In recent years, City College has emerged as ground zero for gazillions of students from Sweden, Saudi Arabia, Iraq, Japan, and Brazil. Before that, they hailed from China and Ireland. Very cool and cosmopolitan. Little wonder, then, that at the sprawling apartment complex located right between City College’s East and West campuses, the new owners just installed a regulation-size flagpole with the flags of Japan, Brazil, Germany, and Sweden, not to mention those of the United States and California, flapping in the breeze. Campus officials estimate 6 percent of the student body comes from abroad. According to my math, that translates to about 1,800 bodies a school year. That number can go up even further because the campus cap on out-of-country students is 8 percent. Throw in another 4 percent to account for students hailing from outside the state, and it’s easy to understand how most classes are filled beyond capacity only seconds after enrollment starts. And that’s on top of the sizable number of students traditionally drawn to Santa Barbara from all over the state to take advantage of the school’s well-known back-door transfer privileges into UCSB, now one of the harder UC schools to get into.

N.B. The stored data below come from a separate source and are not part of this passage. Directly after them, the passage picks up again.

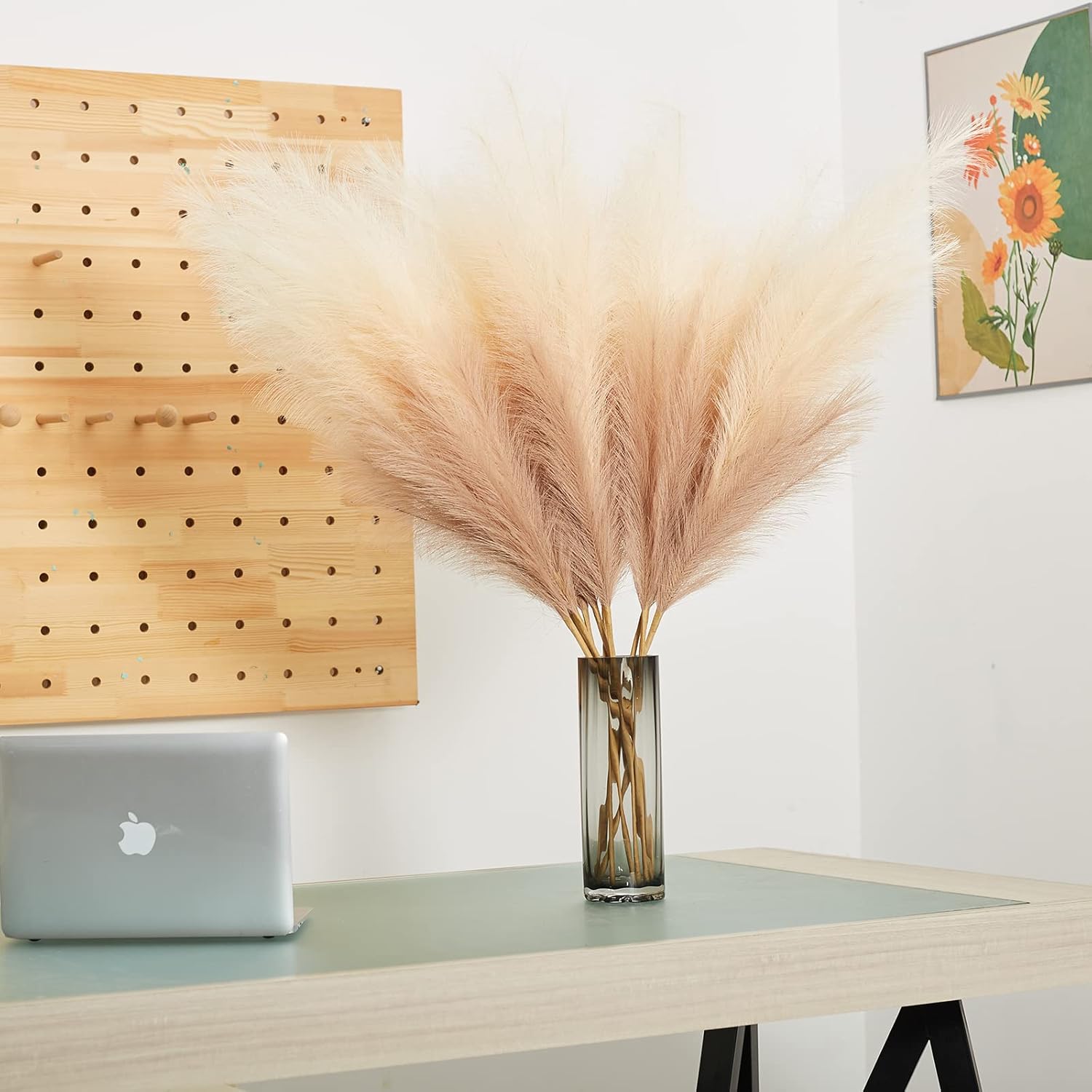 - Warm Color& Good Texture Pompous Grass: It comes with 6 long stems of extra fluffy and tall faux pampas grass They're nice and full and have a really impressive appearance, nicely with a variety of decorations! Packaging with box to avoid crushing during transit, hold their shape very well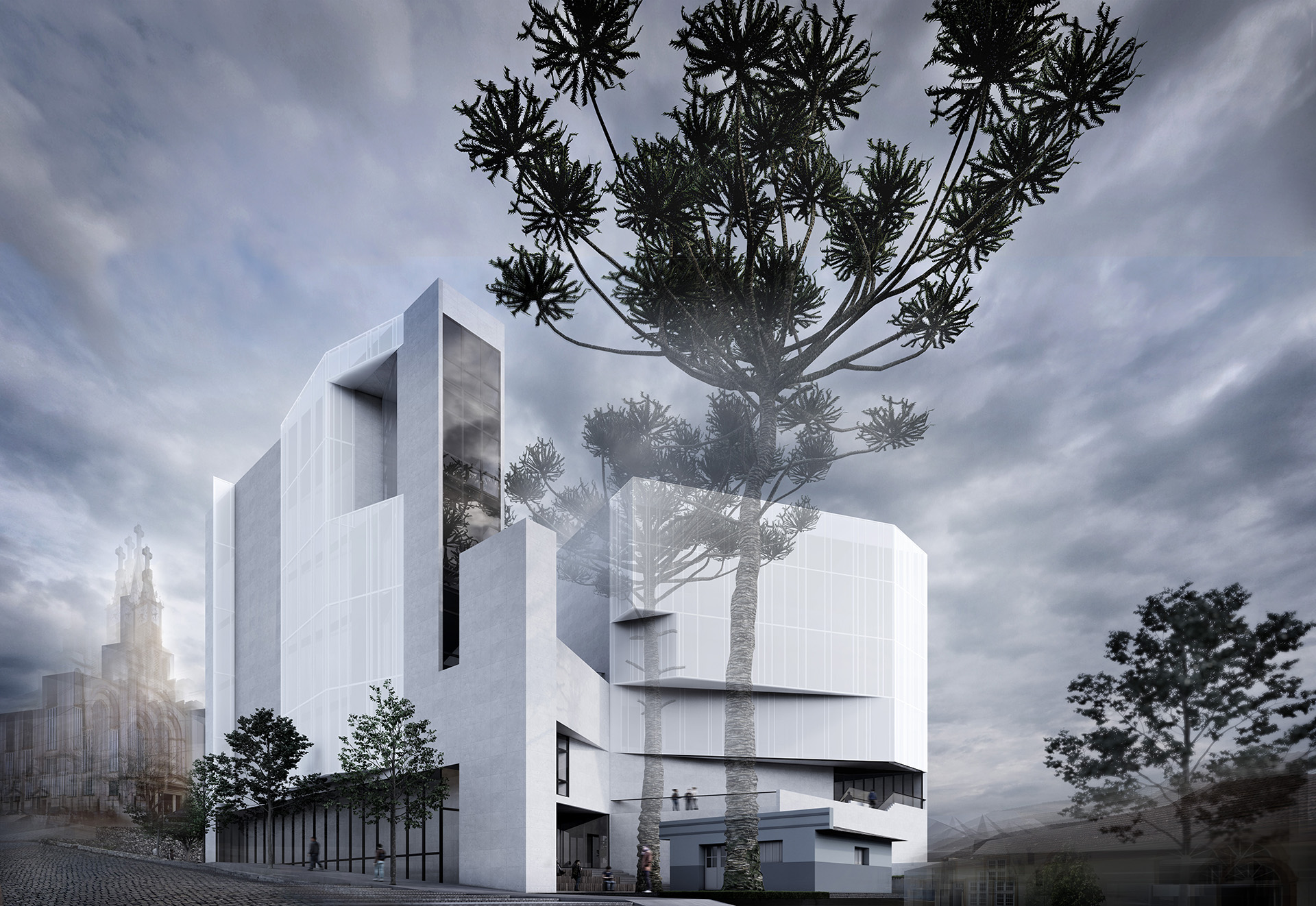 Sob uma perspectiva estritamente objetiva da ocupação do solo, o programa de pouco mais de 5.000m2 se desenvolve sobre um terreno de pouco menos de 1.400m2, que permite a utilização de quase 1.100m2 de área de projeção e verticalização restrita a 6 pavimentos, distribuídos em uma altura máxima de 27m. Somente com a materialização desses dados, ainda que a taxa de ocupação seja de generosos 80%, o volume conformado já se prenuncia como um elemento de massa, um bloco monolítico que se encrava em uma área urbana que hoje se caracteriza por um perfil uniforme e horizontal. Adicione-se, então, a particularidade de o terreno possuir em seus limites uma pequena edificação de 60m2 e valor histórico e cultural reconhecido pela memória local, escoltada por dois exemplares ainda jovens de Araucarea angustifolia, uma conífera símbolo da região Sul do Brasil que se destaca por alcançar alturas de quase 40 metros e viver por mais de 200 anos.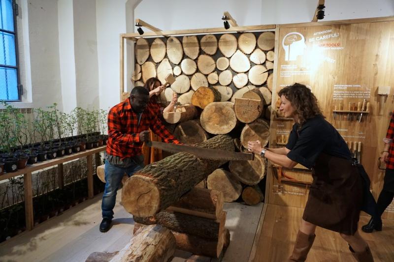 „Stolarnia Zmysłów/Sensorial Carpentry” ukazywała drewno w sposób uczciwy i fachowy, ale przede wszystkim nieoczywisty. Można w niej było poczuć się niczym stolarz z krwi i kości – poznać drewno z całkiem nowej perspektywy. Przy znanej wielbicielom designu mediolańskiej Via Tortona, słynącej z wielu showroomów, warsztatów i studiów projektowych, na siedem kwietniowych dni wybudowana została wyjątkowa przestrzeń wystawiennicza. Interaktywna instalacja była przede wszystkim pachnącym drewnem warsztatem, gdzie oprócz setek przepięknych sadzonek drzew, pojawiło się surowe drewno i narzędzia. Każdy z odwiedzających mógł stać się na chwilę drwalem, artystą, projektantem, ubrać w kraciastą koszulę, nałożyć brodę i ruszyć do akcji.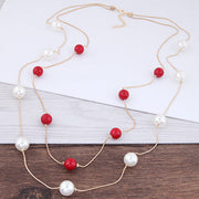 Double Beads Neck Chain Pearl Choker Necklace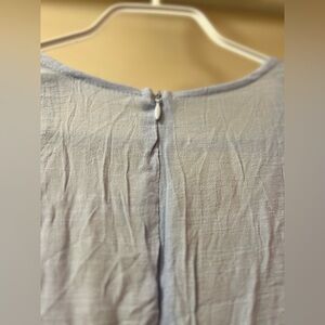 Adorable light blue mini dress. Features short sleeves, a V-neck, and a tiered ruffle hem. Comes with a matching tie belt. Brand new never worn!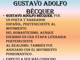 Gustavo Adolfo Bécquer fue un poeta y narrador español del siglo XIX perteneciente al movimiento romántico. Escribió las Rimas, poemas breves sobre el amor y el desamor, y las Leyendas, relatos cortos de temática fantástica e histórica. Sus obras se caracterizan por lo subjetivo, lo sentimental y la fusión de lo histórico con lo legendario.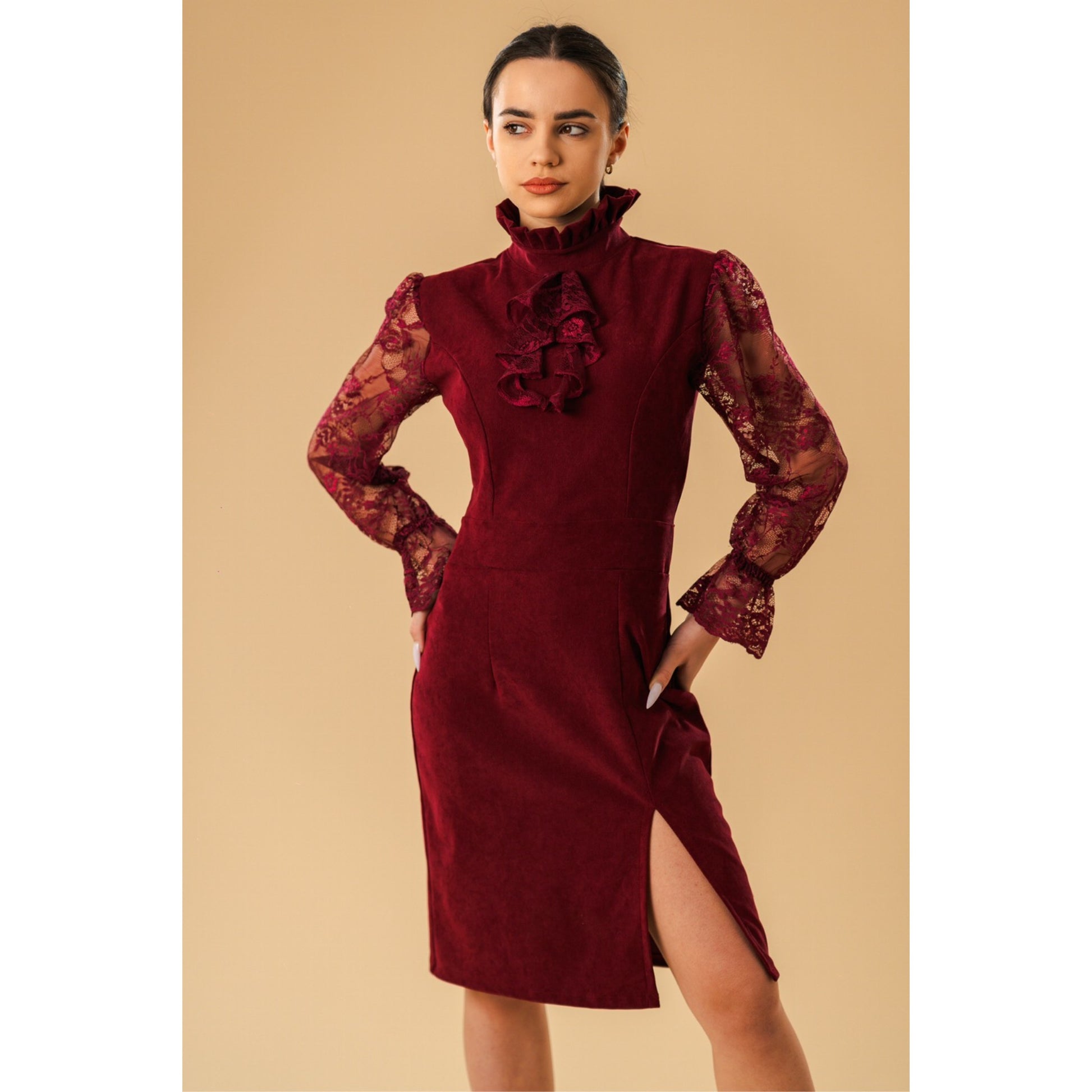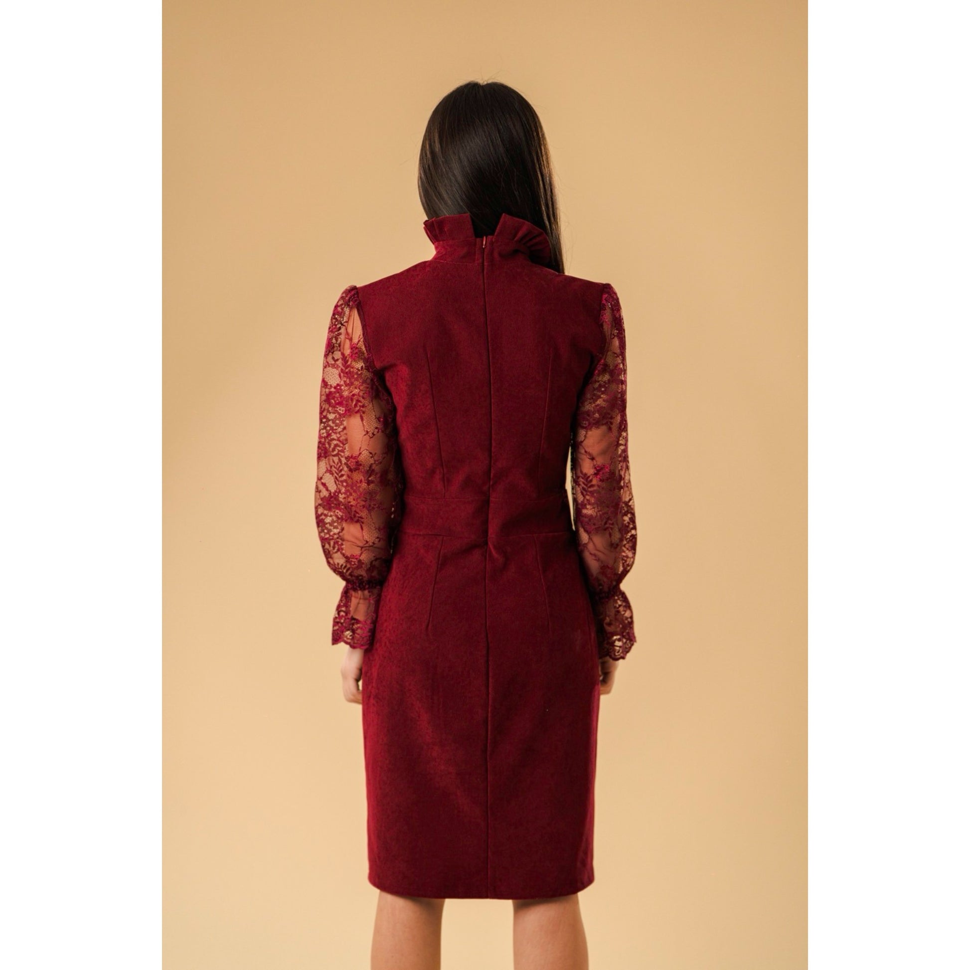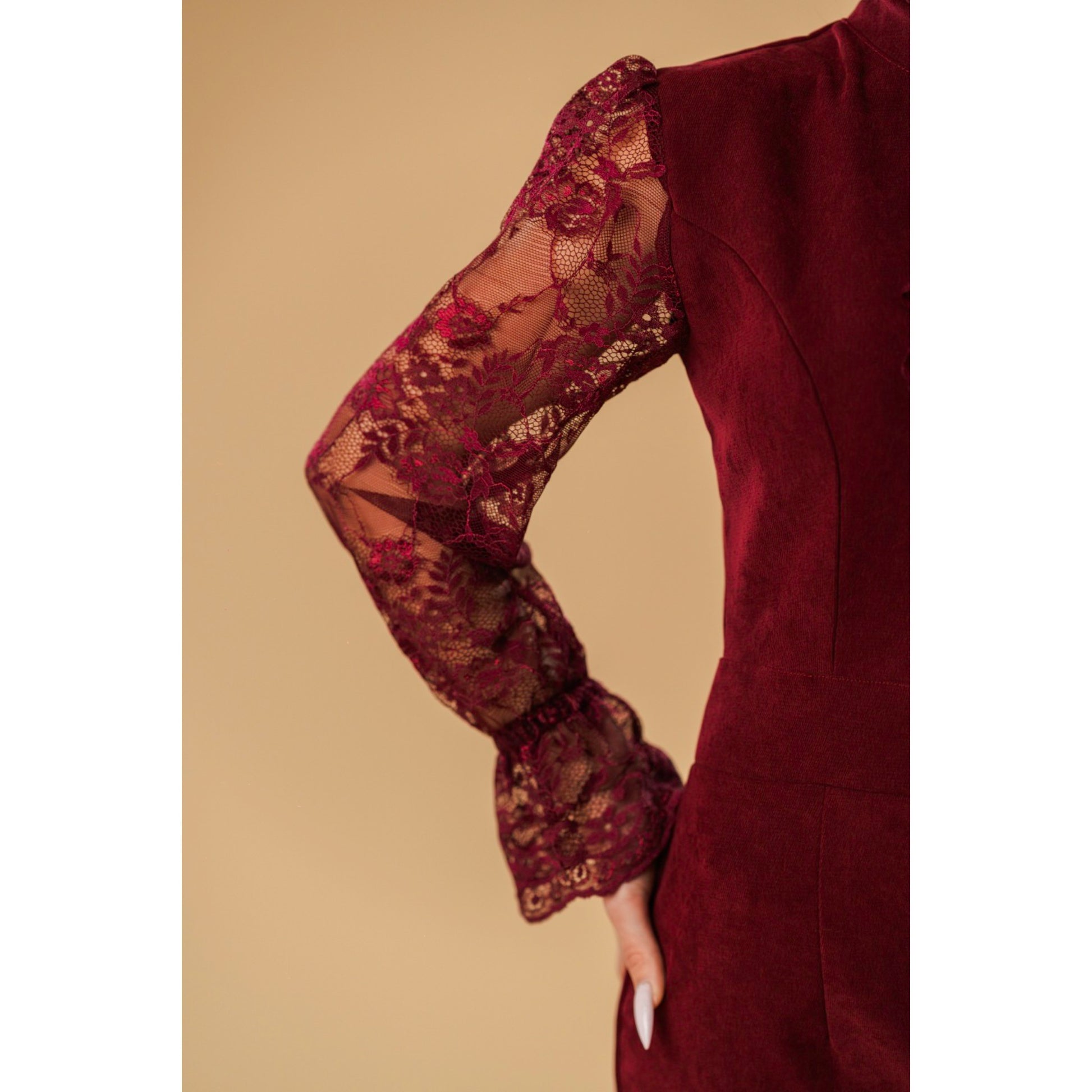 High-Neck Lace-Sleeve Velvet Midi Dress in Burgundy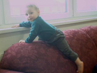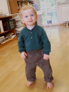 14 Months OldThis past month will go down in family history as the month that Alex finally started walking. Up until now, he would take a step or two, but that was it. Suddenly, one day, he just took off. He's been spotted toddling up to 12 feet at a time, and he's picking up speed. He looks a bit like a penguin because he puts his legs far apart and sways from side to side as he walks. But he definitely prefers it to crawling, and he only crawls now if he needs to go long distances quickly. |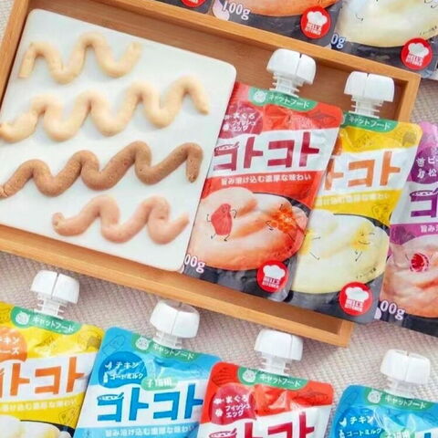蓋が大きく開けやすい。スパウトが付いて手に持って与えやすく、汚れにくい。そのままおやつとして与える! いつものフードと混ぜ合わせて、嗜好性を高める! 水分の補給としても! にがいお薬と一緒に与えても!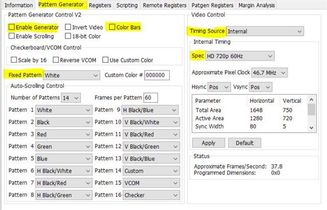 接下来,您需要选择计时源-根据上述3种模式选择计时,对于规格来说您可以选择显示屏所需的分辨率,或者定制您自己的分辨率。 您可以运行固定图形,也可以选择色条,或者如果您选择执行固定图形并启用滚动以浏览多个图形,从而选择所需的任何方法。 最后,您可以启用生成器开始发送 Patgen 与您已配置的设置。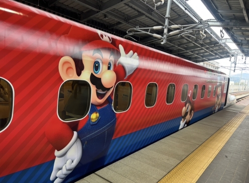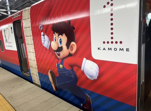 さて、武雄温泉駅から乗車した新幹線が、偶然にも『スーパーマリオトレイン』でした。
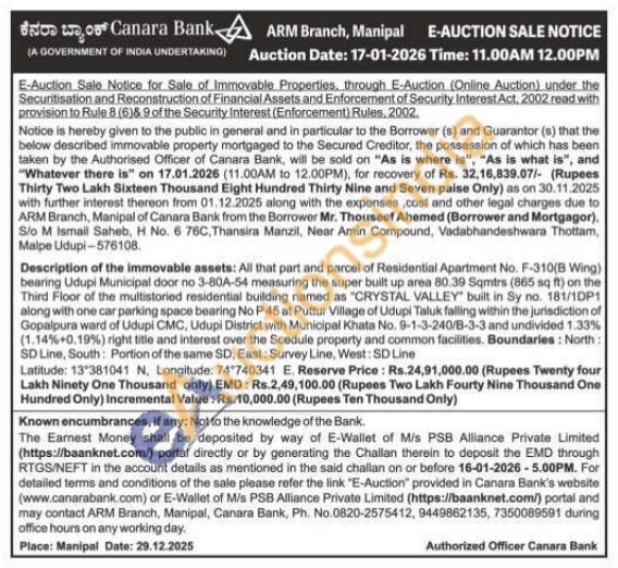 All that part and parcel of Residential Apartment No. F-310(B Wing) bearing Udupi Municipal door no 3-80A-54 measuring the super built up area 80.39 Sqmtrs (865 sq ft) on the Third Floor of the multistoried residential building named as "CRYSTAL VALLEY built in Sy no. 181/1DP1 along with one car parking space bearing No P45 at Puttur Village of Udupi Taluk falling within the jurisdiction of Gopalpura ward of Udupi CMC, Udupi District with Municipal Khata No. 9-1-3-240/8-3-3 and undivided 1.33% (1.14%+0.19%) right title and interest over the Scedule property and common facilities. Boundaries: North: SD Line, South: Portion of the same SD, East: Survey Line, West: SD Line

I get it. City College is a great school. Who in their right mind wouldn’t go there? I also get why school officials like the out-of-state, out-of-country students. Money. In-state students taking a full load pay roughly $700 a semester in fees and tuition. By contrast, those from the outside pay $4,100. Many of these students come from wealthy families. Others are practically paid by their governments to attend, housing costs included. But here’s the deal: California’s community college system was invented to serve as the proverbial bootstraps by which those attempting to make it the hard way pulled themselves up. It was never envisioned to function as a fun-in-the-sun, educational-tourist-destination selfie that City College is now in danger of becoming.

Historically, City College has simply refused to address the housing needs of its students. To do so, its leaders explained, would interfere with its core mission of providing the aforementioned educational bootstraps. In other words, stop whining. But given that so many of these boots now bear the Gucci name brand, that rationale no longer applies. According to economic experts, Santa Barbara’s rents have increased at a record pace in the two years since the recovery. It now takes an income of $66,000 to “afford” ​— ​at least how the economists define it ​— ​the “average” rental. Much of this acceleration took place at exactly the same time as the spike in foreign enrollments occurred at City College. Coincidence or causality? You decide. Either way, you don’t need a PhD next to your last name to recognize the shifting demographics now afflicting the city’s lower Westside. What was once home to low-income Latino families packed in like sardines has now become “Isla Vista lite,” where City College students are now crammed in like anchovies. The demographics of the Mesa may differ, but the dynamics are the same.

Lori Gaskin, do something; City Hall, insist. Clearly, no easy or obvious solutions exist. But if you want to pick my pocket, Lori, I need to see serious effort. Otherwise, I’ll spend my money on movies, atrocious as they are. In the meantime, maybe we can all sing along to one of my favorite songs: “Everybody wants to go to heaven, but nobody wants to die.”